▶ _About this exercise_
Exact copies of the records below are needed, free of pictures.

BEGIN Material for the task

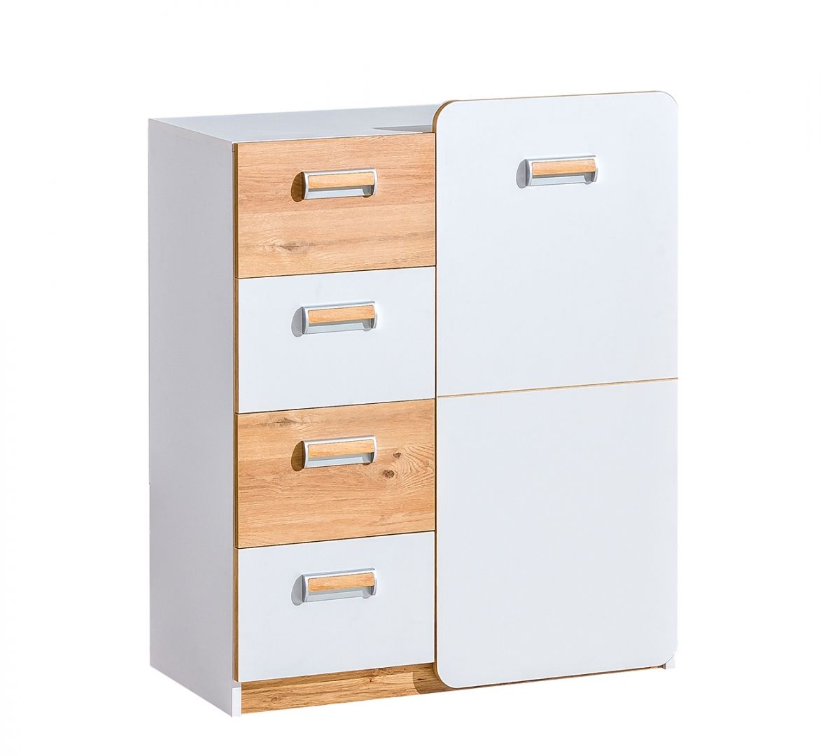 V každém dětském nebo studentském pokoji nesmí chybět dostatek místa pro uložení drobností, knížek, hraček a sportovních trofejí. Moderní kombinovaná komoda do studenského nebo dětského pokoje ze série LORENTO skvěle kombinuje úložný prostor ve formě 4 šuplíků a dvířek s hravým designem. Tento stylový nábytek je vyroben z kvalitní laminované dřevotřísky s odolnou ABS hranou, která zajistí optimální nosnost a stabilitu. Tento materiál je stálobarevný, snadno se čistí a je nenáročný na povrchovou údržbu. Díky výběru barevných variant je tento studentský nábytek vhodný pro dívky i chlapce je vhodné pro všechny věkové skupiny. Vhodný nábytek dokáže oživit každý dětský a studentský pokoj.
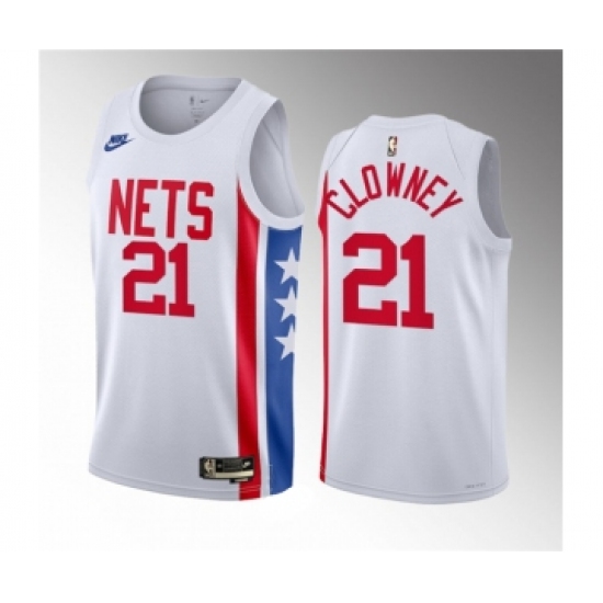 Men's Brooklyn Nets #21 Noah Clowney White 2023 Draft Classic Edition Stitched Basketball Jersey
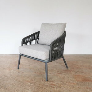 商品の特徴 1人掛けソファ、アームチェア、屋外ソファ リゾートの雰囲気を感じられる編み込みの座面、それを支える脚はスタイリッシュなブラック。 細部までこだわりのあるデザインに仕上がっています。 アーバンリゾートにふさわしい
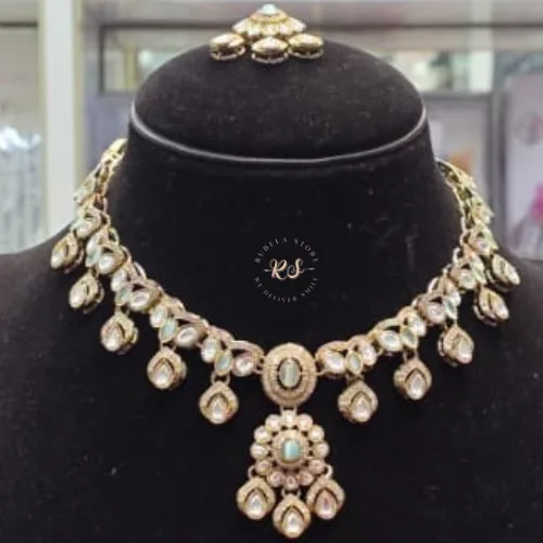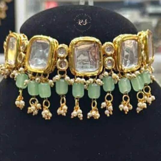 Rubela Golden Kundan Mint Choker Set – A Touch of Royal Grace
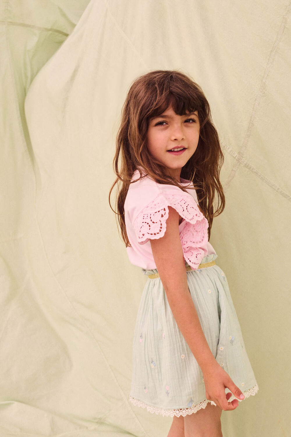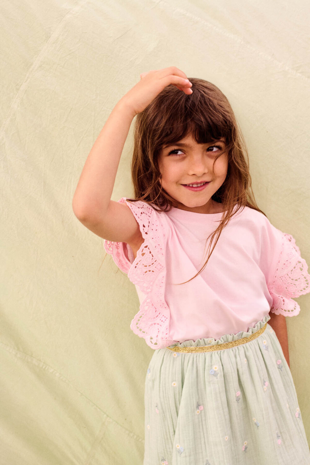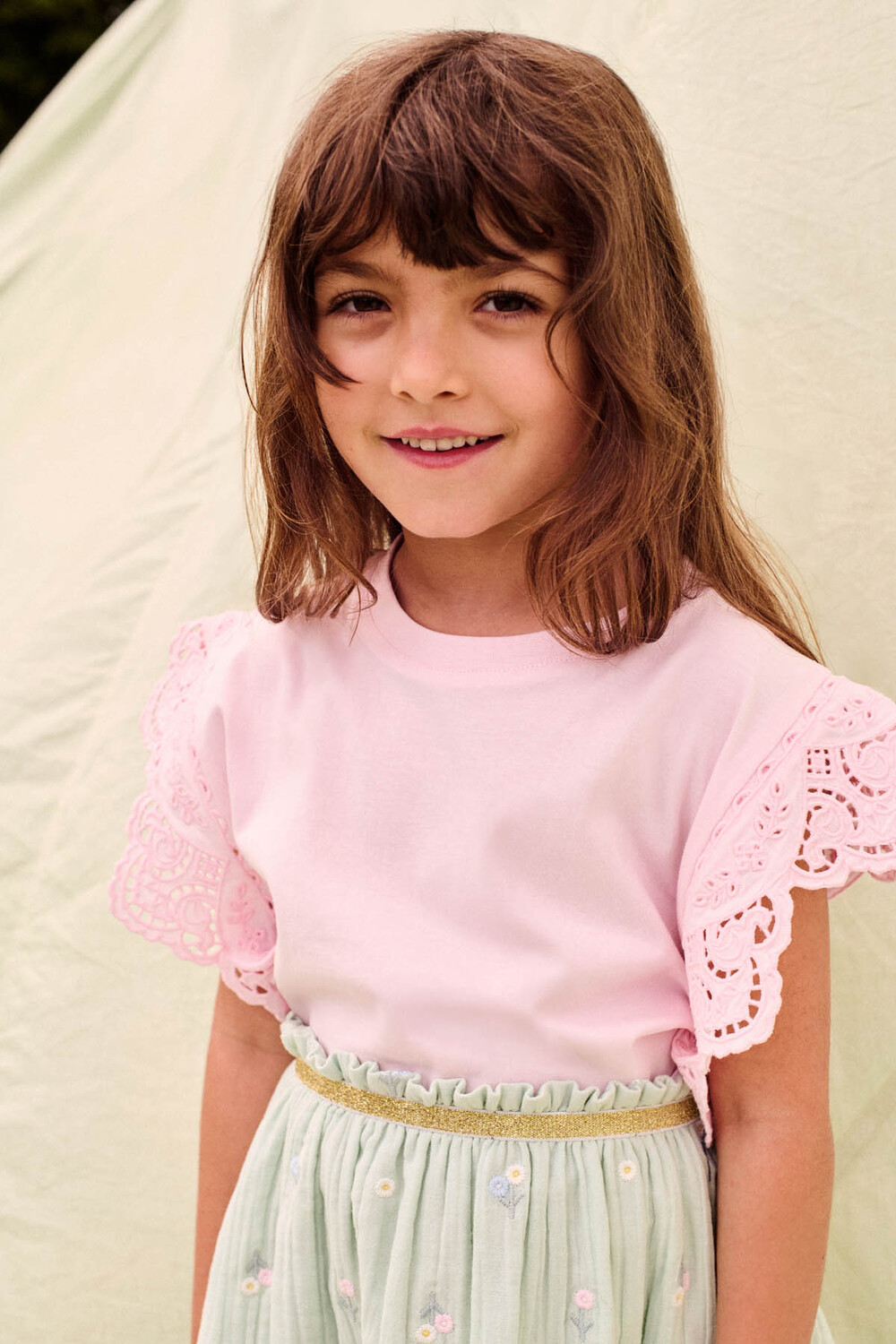 정교한 아일렛 소재와 소프트한 칼라감으로

END Material for the task

▶ _Result_
 V každém dětském nebo studentském pokoji nesmí chybět dostatek místa pro uložení drobností, knížek, hraček a sportovních trofejí. Moderní kombinovaná komoda do studenského nebo dětského pokoje ze série LORENTO skvěle kombinuje úložný prostor ve formě 4 šuplíků a dvířek s hravým designem. Tento stylový nábytek je vyroben z kvalitní laminované dřevotřísky s odolnou ABS hranou, která zajistí optimální nosnost a stabilitu. Tento materiál je stálobarevný, snadno se čistí a je nenáročný na povrchovou údržbu. Díky výběru barevných variant je tento studentský nábytek vhodný pro dívky i chlapce je vhodné pro všechny věkové skupiny. Vhodný nábytek dokáže oživit každý dětský a studentský pokoj.
 Men's Brooklyn Nets #21 Noah Clowney White 2023 Draft Classic Edition Stitched Basketball Jersey
 商品の特徴 1人掛けソファ、アームチェア、屋外ソファ リゾートの雰囲気を感じられる編み込みの座面、それを支える脚はスタイリッシュなブラック。 細部までこだわりのあるデザインに仕上がっています。 アーバンリゾートにふさわしい
 Rubela Golden Kundan Mint Choker Set – A Touch of Royal Grace
 정교한 아일렛 소재와 소프트한 칼라감으로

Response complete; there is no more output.